= Language creation in artificial intelligence =

Usage of artificial intelligence

In Artificial Intelligence, researchers teach AI systems to develop their own ways of communicating by having them work together on tasks and use symbols as parts of a new language. These languages might grow out of human languages or be built completely from scratch. When AI is used for translating between languages, it can even create a new shared language to make the process easier. Natural Language Processing (NLP) helps these systems understand and generate human-like language, making it possible for AI to interact and communicate more naturally with people.
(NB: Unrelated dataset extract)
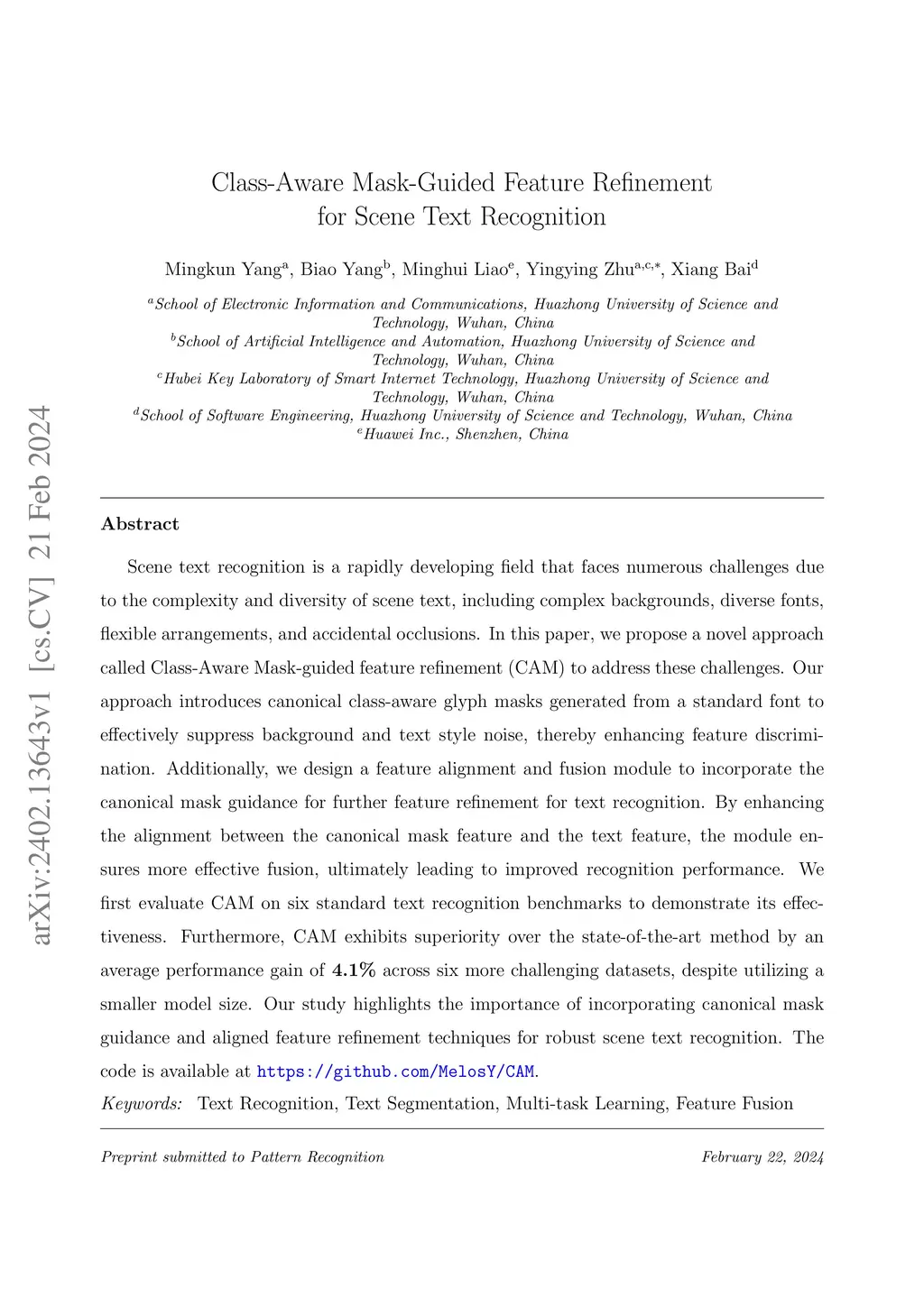 Class-Aware Mask-Guided Feature Refinement for Scene Text Recognition

== Evolution from English ==
In 2017, Facebook Artificial Intelligence Research (FAIR) trained chatbots on a corpus of English text conversations between humans playing a simple trading game involving balls, hats, and books. When programmed to experiment with English and tasked with optimizing trades, the chatbots seemed to evolve a reworked version of English to better solve their task. In some cases the exchanges seemed nonsensical:

Bob: "I can can I I everything else"

Alice: "Balls have zero to me to me to me to me to me to me to me to me to"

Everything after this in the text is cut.